You might suggest we would stop growing before those results occurred, but if you believe we could stop growing then, it will be easier to stop growing now. The problem, again, is our culture. Technologies from the cotton gin to electric vehicles to fusion have and will exacerbate and accelerate our cultural outputs. Some are benign and desirable, but we don’t only grow the parts we like. Hydroelectric dams in the American southwest led to growing Phoenix, Las Vegas, and other cities dependent on power and water the dams can’t provide much longer. In the long term, they decreased resilience and increased scarcity. We grow all of our culture, including extinctions, dictators, deforestation, fentanyl, crack, Sacrifice Zones, and so on. If you want different result, first change our cultural values. Restore values of the Golden Rule, stewardship, and common decency, then technology will augment those values, though such a culture would probably innovate different technology less like fusion reactors and more like Amsterdam’s pedestrian and bike-friendly advances.
My background includes science, engineering, invention, entrepreneurship, patents, free trade, and personal growth resulting from economic growth. I love those things. I also recognize they are part of our culture. They augment all our values, not just some.
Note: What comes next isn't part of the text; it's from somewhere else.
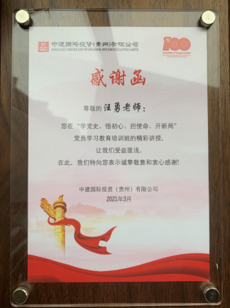 中国国际投资(贵州)有限公司60余名党员领导干部听完汪勇经理的专题讲座后,在中场休息时间纷纷与汪勇经理交流,认为汪勇经理的讲座紧密结合实际,鲜活、有力并深受教益。为此,中国国际投资(贵州)有限公司还专门给汪勇经理赠送了感谢函。
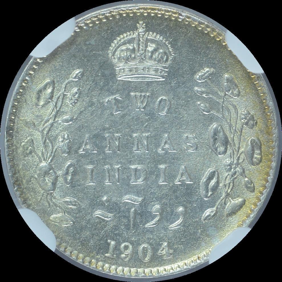 1904,King Edward VII,Silver 2 Annas,Calcutta Mint,(PR # 557),Graded Slabbed by NGC as MS 63,Scarce.

Imagine you could go back to talk to Eli Whitney, Robert Moses, or Norman Borlaug before they started. You might say “future generations value your ability to solve great problems, improve the economy, alleviate suffering, and attain great personal success, but if you do what you plan, you’ll achieve the opposite. If you do what you plan, it will for decades suggest certain numbers to track and by those numbers, your contribution will look great. But we know the pattern: underneath those numbers you will drive the system that caused the problems you want to solve. Future generations will lament your legacy and see you at best a tragic figure who didn’t mean to cause the suffering you unwittingly caused.” Borlaug saw this result in his lifetime. People who work with systems call it “overshoot and collapse.”
You might continue, “If you want to alleviate suffering and improve lives in the long run and create a matching legacy, focus on the systemic effects. Live your values yourself.”